## TASK TO CARRY OUT
Only the text belongs in the copy. Transcribe the data exactly and drop any pictures.

## SOURCE DATA
=====

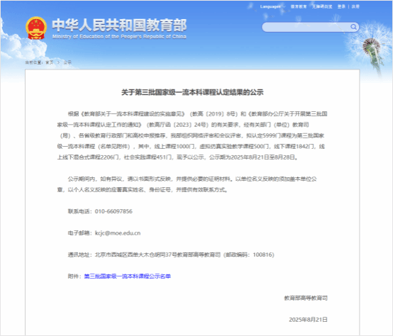 (文/马彦龙)近日,教育部高等教育司公布了第三批国家级一流本科课程认定结果,我校王晓迪教授主持的《地统计学》和王永红副教授主持的《概率论与数理统计》2门课程被认定为国家级一流本科课程。截至目前,我校累计获批国家级一流本科课程5门,省级一流本科课程44门。
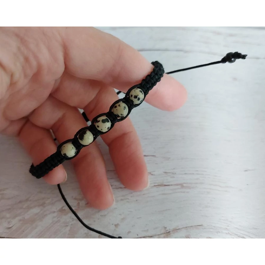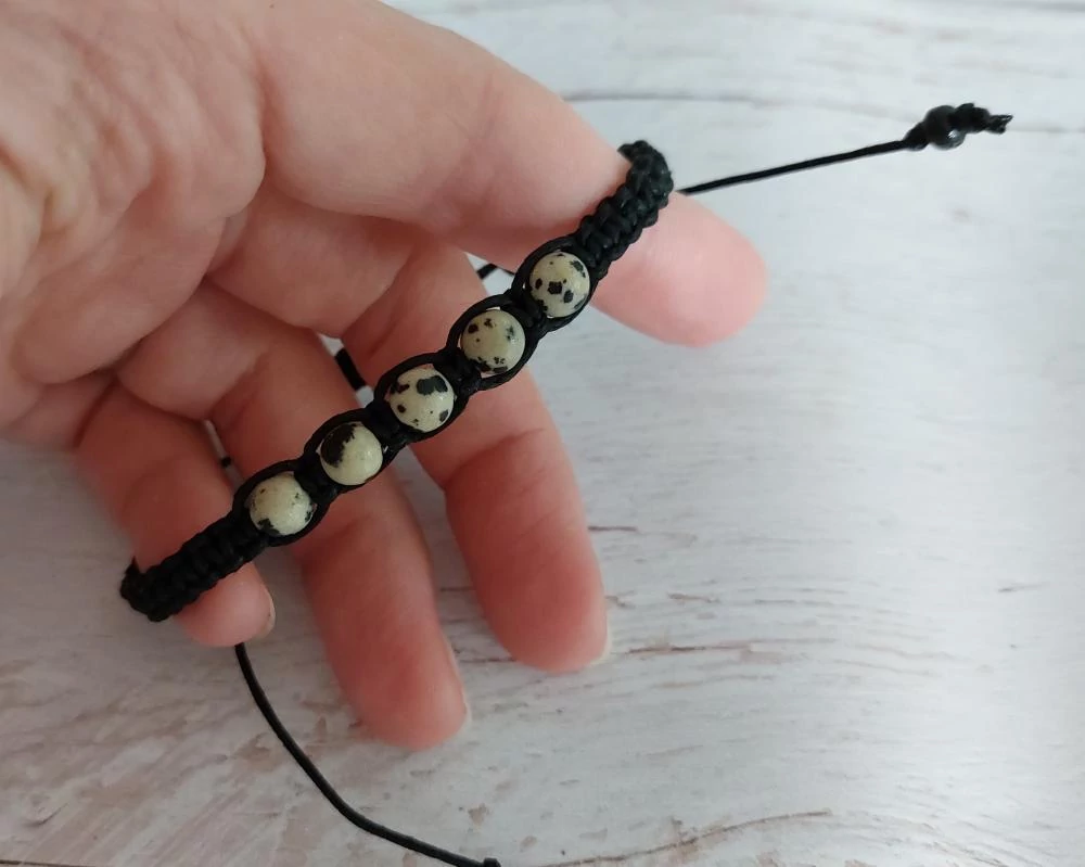 Fekete makramé karkötő dalmata jáspis gyöngyökkel
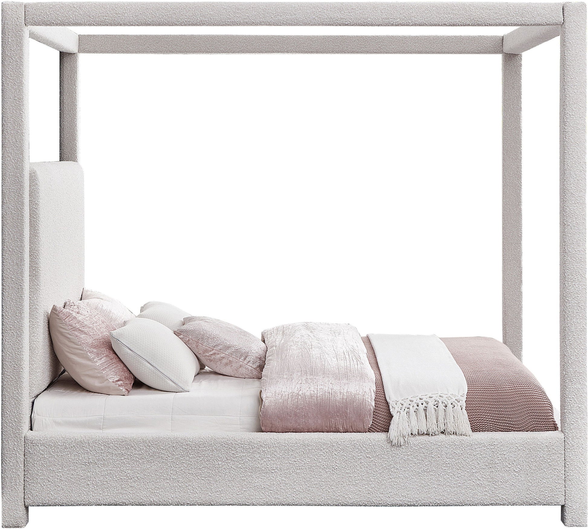 Experience the epitome of luxury and serenity with the Eden Boucle Fabric Canopy Bed, a majestic haven that elevates your bedroom into a royal chamber. Wrapped in a rich boucle fabric, this captivating bed exudes timeless elegance and invites you to indulge in restful nights and dreamy mornings. The airy canopy, draped in the same luxurious boucle fabric, creates a sense of intimacy and seclusion, transforming your sleeping space into a private sanctuary. Imagine reading a captivating book or enjoying a late-night conversation under the soft glow of string lights draped across the canopy, creating a truly magical atmosphere.
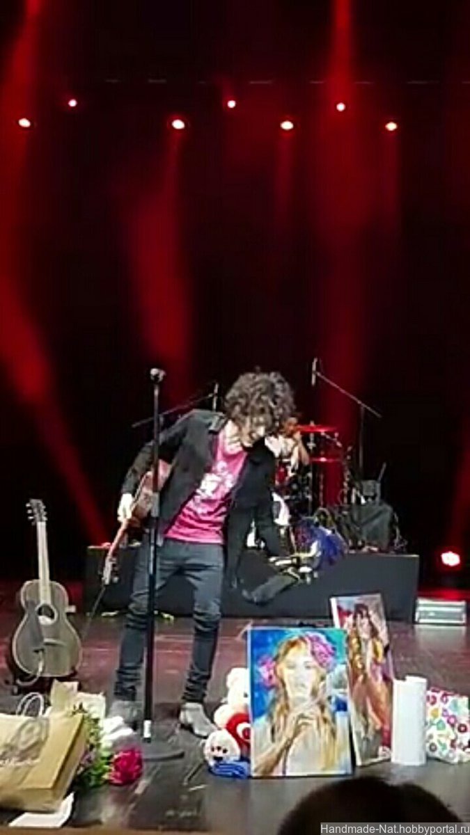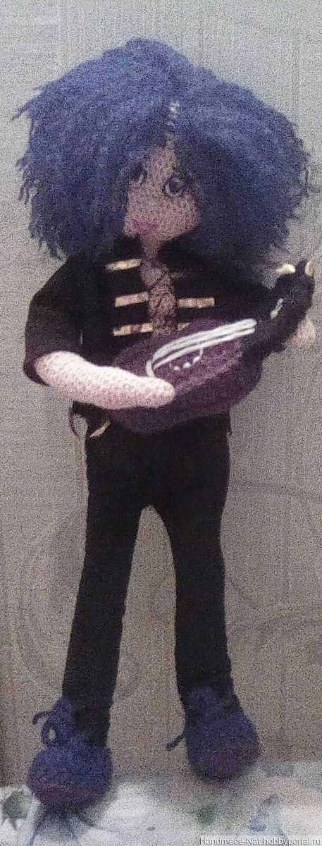Кукла связана крючком,одежда сшита из джинсовой ткани.20 июня в Москве,на концерте,куклу девочка ,заказчица,передала в руки певице Лауре Перголизи в подарок

=====

## TASK RESULT
 (文/马彦龙)近日,教育部高等教育司公布了第三批国家级一流本科课程认定结果,我校王晓迪教授主持的《地统计学》和王永红副教授主持的《概率论与数理统计》2门课程被认定为国家级一流本科课程。截至目前,我校累计获批国家级一流本科课程5门,省级一流本科课程44门。
 Fekete makramé karkötő dalmata jáspis gyöngyökkel
 Experience the epitome of luxury and serenity with the Eden Boucle Fabric Canopy Bed, a majestic haven that elevates your bedroom into a royal chamber. Wrapped in a rich boucle fabric, this captivating bed exudes timeless elegance and invites you to indulge in restful nights and dreamy mornings. The airy canopy, draped in the same luxurious boucle fabric, creates a sense of intimacy and seclusion, transforming your sleeping space into a private sanctuary. Imagine reading a captivating book or enjoying a late-night conversation under the soft glow of string lights draped across the canopy, creating a truly magical atmosphere.
Кукла связана крючком,одежда сшита из джинсовой ткани.20 июня в Москве,на концерте,куклу девочка ,заказчица,передала в руки певице Лауре Перголизи в подарок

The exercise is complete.